Let's leave italics for the titles and just use Georgia Roman. We will keep our links the same size as the text. Color and placement will help the links stand out. When placing the list of links we've got a couple of options. At the top, to the left, and to the right. If we line them up along the top, the line of links gets really long. It's hard to tell because there's not much room here, but even if we move the main header down, the line of links doesn't work.
It's much longer than the line length of the text or the length of the h1. This isn't always a problem, but in this traditional layout it will make it harder to find a relationship between the elements. The composition starts to look like a funnel and the Chopin Script looks a little boxed in. I think it needs more space to really show off how lovely it is. Again, this is not a terrible option. It's just not my first choice. If we put them in a list to the left of the text, it could work.
It helps emphasize the strong vertical line with the aligned edge of the text. So we'll keep this one in mind. If we put the links in a list to the right of the text, it's not bad, but it creates an odd space and draws attention to the ragged edge of the text. So again, it's not my first choice. So let's put them on the left. Shall we align the links themselves left, right, or center? Aligning left will facilitate skimming the links.
Aligning right will further emphasize the vertical line. Aligning center will further emphasize the traditional feeling of the layout. Any of the three will work. They all improve the layout in their own way. I'm going to go with the center alignment. There isn't really a long list of links, so even though they're a little hard to skim, it would be okay in terms of readability. And while creating a strong vertical line, like we do with the align right approach, improves tension on the page, this is a traditional layout.

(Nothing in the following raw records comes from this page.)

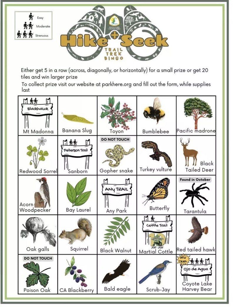 「Hike and Seek」活动以 Bingo(宾果)游戏 形式进行,参加者可选择下载、截图或列印健行宾果卡,依据卡片上的项目拍照纪录自己在县立公园里所见的动植物或自然景观,横、直或斜线完成五格即可获得小奖品;完成 25项中任意20项 则可换取纪念头巾(bandana)。若能完成整张宾果卡的 「全满黑out」 纪录,更可进入抽奖名单,有机会赢得圣塔克拉拉县公园的停车证。
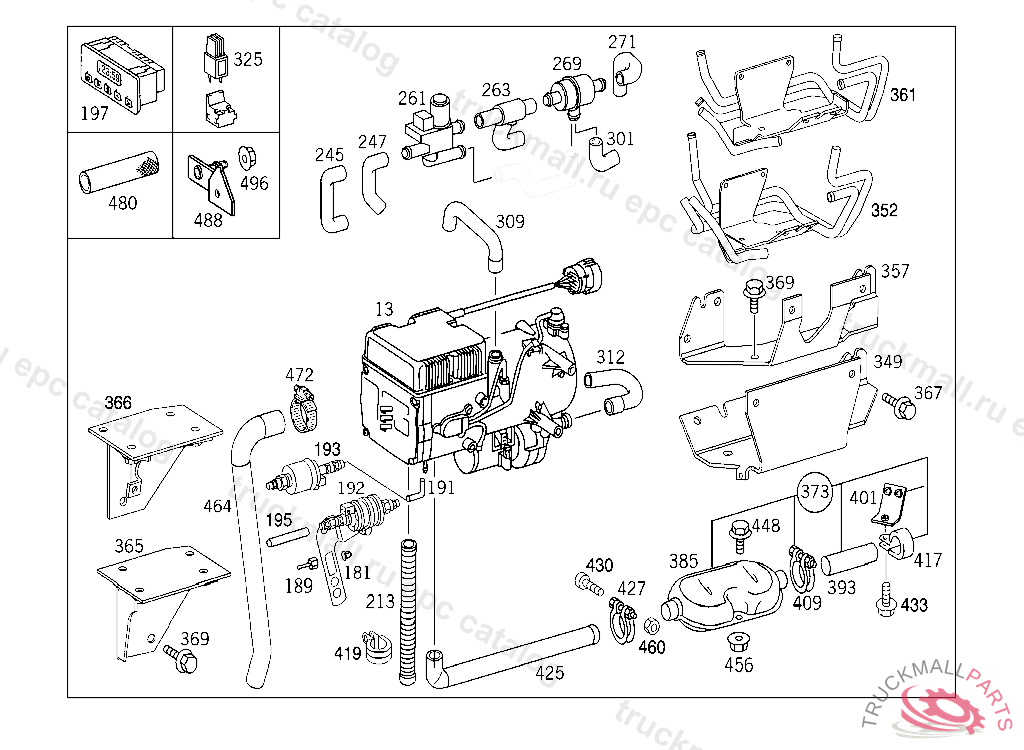 HEATING UNIT , FIRST EXHAUST STOCK OF OLD PARTS UP TO IDENT NO. K 291257, Replaced By: A9425001498
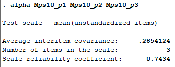 명령어를 입력하면 위의 사진과 같이 결과가 나오는데, scale reliability coefficient 부분이 크론바하 알파값이다.
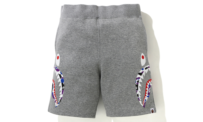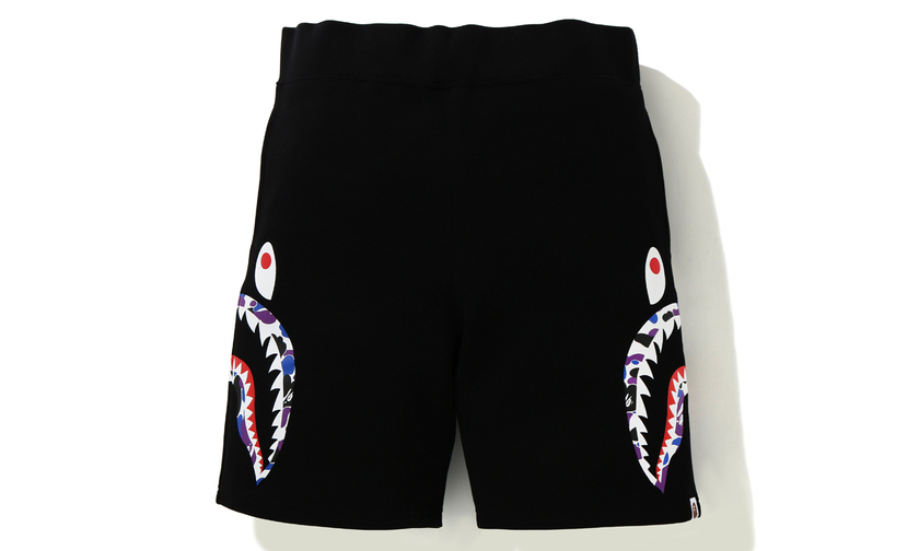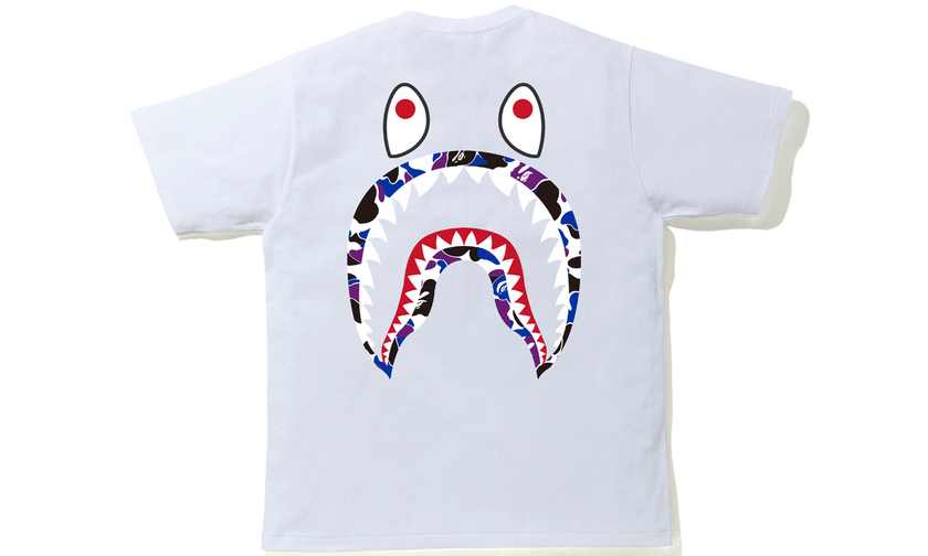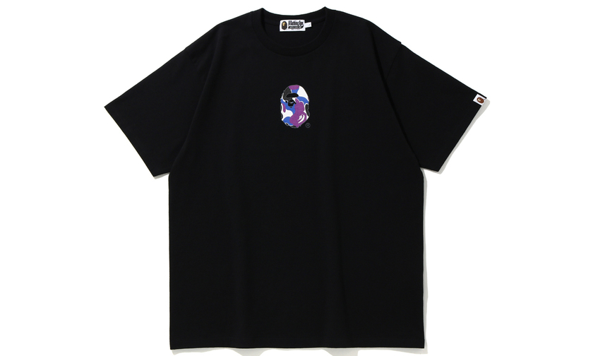 设计以与 BAPE 香港门店有关的紫色,蓝色和黑色迷彩图案主打,品牌标志性元素经典的鲨鱼和猿人头注入,辨识度与街头潮流姿态十足。部分 T恤上还有“HKG”的香港限定 logo ,特殊身份展露无疑。
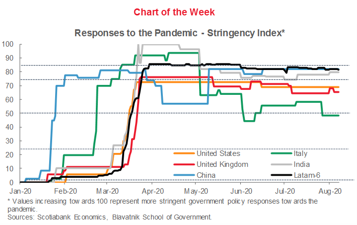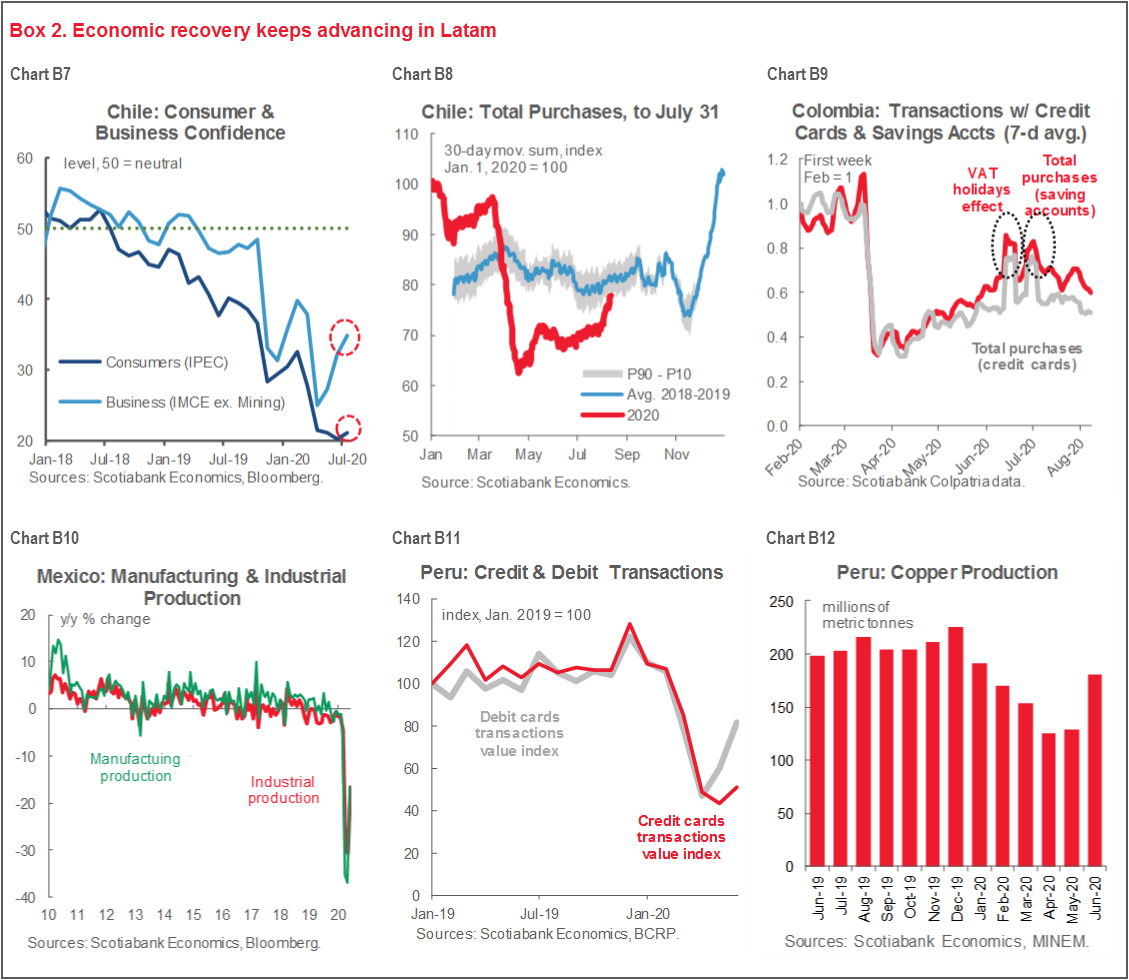Although pandemic control measures in Latam remain amongst the strongest in the world, the region is still one of the main global hotspots for COVID-19, with relatively poor indicators and new outbreaks. Nevertheless, the Latam-6 economies continue to rebound, but further progress on economic re-opening is going to get harder unless the pandemic is brought under control.
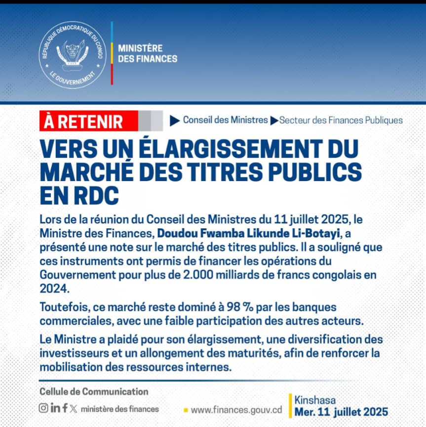 Les titres publics, bons et obligations du Trésor sont devenus en peu de temps un pilier de la politique budgétaire de la RDC. Ils permettent au gouvernement de financer ses priorités tout en impliquant directement les institutions financières locales dans le développement national. Pour Doudou Fwamba, ce mécanisme représente un double avantage : assainir la gestion des finances publiques tout en dynamisant le marché financier congolais.
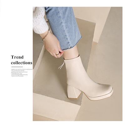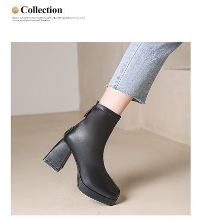 新品 マーティンシューズ 8CM太ヒール 後ファスナー レザーブーツ ショートブール レディース ブーツ メガ割
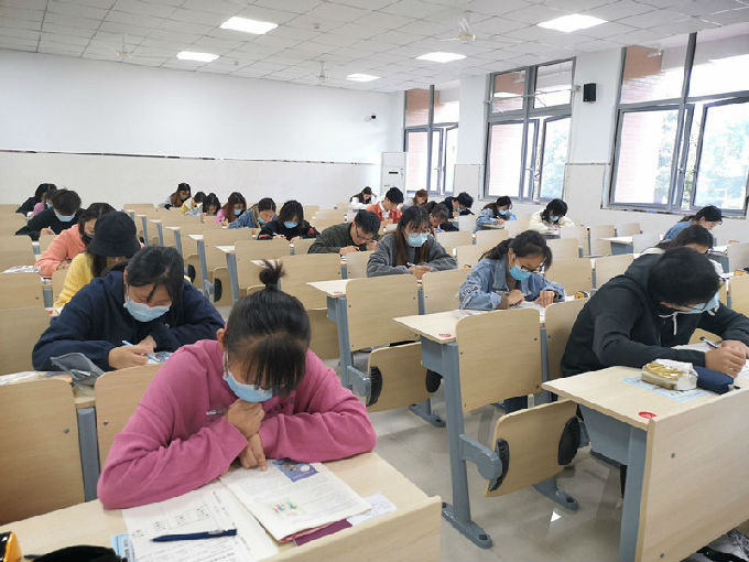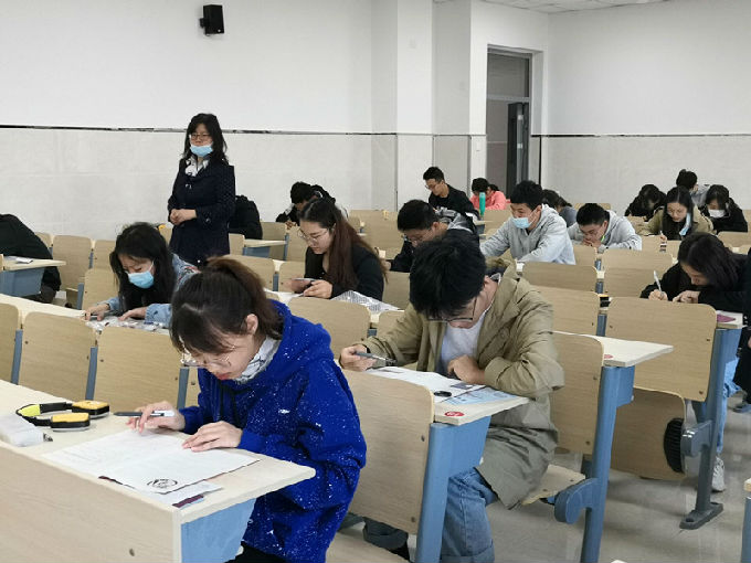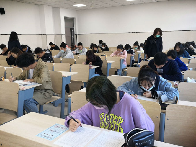 外国语学院院长包通法、副院长吴旻昊也来到比赛现场,耐心地提醒同学们进入考场的注意事项。参赛选手们蓄势待发、精神饱满地进入到考场,由于疫情防控工作还在进行中,同学们都自觉戴上了口罩。监考老师们早早进入到考场中帮助同学们调试耳机,并把比赛规则详细地写到了黑板上以方便同学们观看与遵守。同学们全神贯注地答题。相信经过几个月的精心准备以及老师和同学们的帮助,同学们都胸有成竹,相信可以取得不错的成绩。
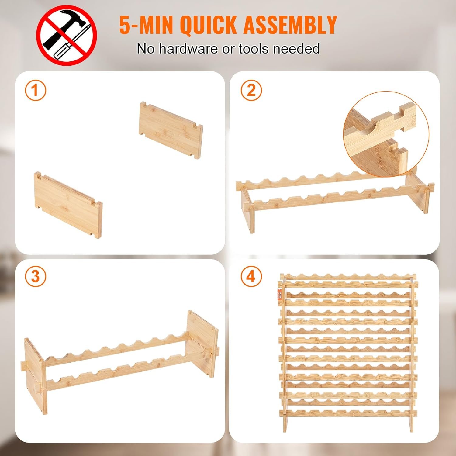 13 reviews for VEVOR 72 Bottle Upgrade Modular Wine Rack, Continuously Store Pinot Bottles, 8-Tier Bamboo Wood Storage Rack, Floor Freestanding Wines Holder Display Shelf, Wobble-Free Shelves for Kitchen Bar Cellar
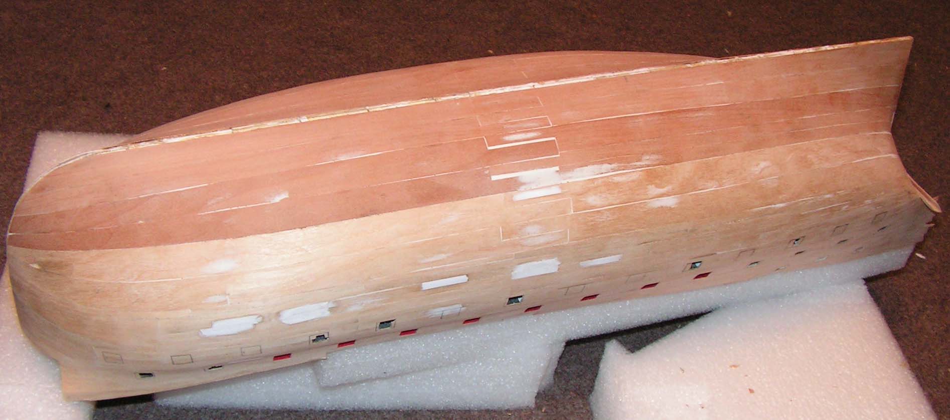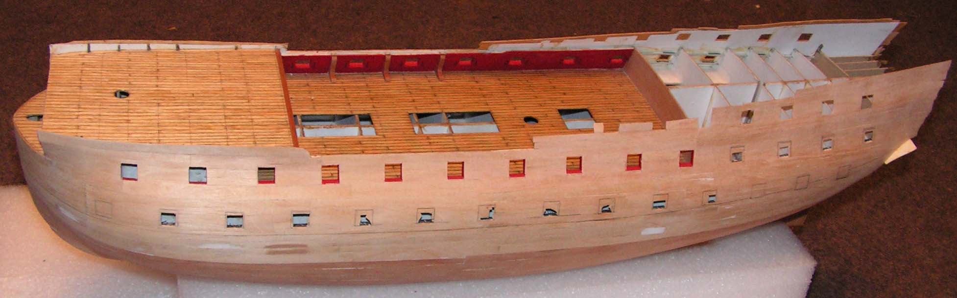 Mało czasu na modelarstwo, ale prace powoli idą naprzód. Dodatkowym problemem jest skąpy opis budowy w wycinance i brak planów. Posiłkuję się internetem, ale i tak pewne prace trzeba robić intuicyjnie. Udało mi się zrobić wszystkie gretingi, artylerię środkowego pokładu, okleić kadłub pierwszą warstwą poszycia i kil. Najbardziej jestem zadowolony z przełamania problemu rzeźb zdobiących burty, kasztel rufowy i dziobowy.
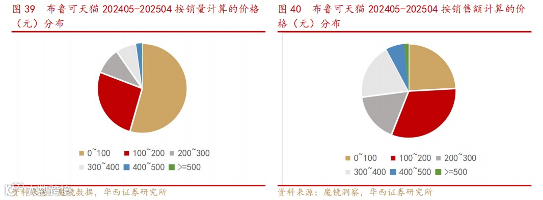 亲民定价策略,大部分销量和销售额由低价商品贡献。公司热销的大众价格带产品定价为39元,可触达更广泛消费者的平价价格带产品定价为9.9-19.9元。根据魔镜数据,布鲁可天猫旗舰店2024年5月-2025年4月的销量中,有54%来自100元以下产品,80%来自200元以下的产品,按销售额的占比来看, 56%的销售额由200元以下产品贡献,36%的销售额由200-400元商品贡献。公司近年来陆续推出价格较低的产品,包括畅销的奥特曼系列中的英雄总动员星辰版定价9.9元、奥特曼群星版定价39元,显著低于国际品牌同类产品(万代基础款50–99元、乐高IP款300–600元)。

I'd rather go for the elegance of the center text. Now that we know where our links will live on the page, two other things to think about are what color to use for the links and what the links will look like when we interact with them. Since we aren't using any other color element in the layout, like a photo, we can just pick a color that feels right to us. I would like to use something that stands out but not too much. Red is a classic color used in typography, so it might be a good place to start, as long as it's not too bright.
For the hover, which is the change to the link when someone rolls over it, let's use Georgia Italic in the same color. The italic is beautiful and it would be nice to draw attention to it. We also need to think about how the links will look when they're activated or clicked on. Let's keep it simple and just slightly darken the red. It will be noticeable, but not jarring. Finally, we need to think about what the links should look like after they've been visited. Let's keep them the slightly darker red.
This darker red sits back from the brighter red links. They almost feel turned off like "Hey, don't pay as much attention to me, you've already visited me." At the same time, they work in the overall color palette. Since they're red, they still feel like links. Now that the links are set, I think they could use a little extra line height. It will help them read more like a list of links and will soften the red color and feel even more elegant. The only thing I'd change now that we've got our links in place is the placement of the main heading.
If it's centered over the text, it will feel more traditional. We've decided how the links should look, where they should live on the page, and how they should change as the reader interacts with them. We've created a strong vertical line and by keeping the links subtle, that is, not bold or big or bright, we've kept the h1 our main focal point, so we're ready to start putting the links on the page. We will do that in the next lesson.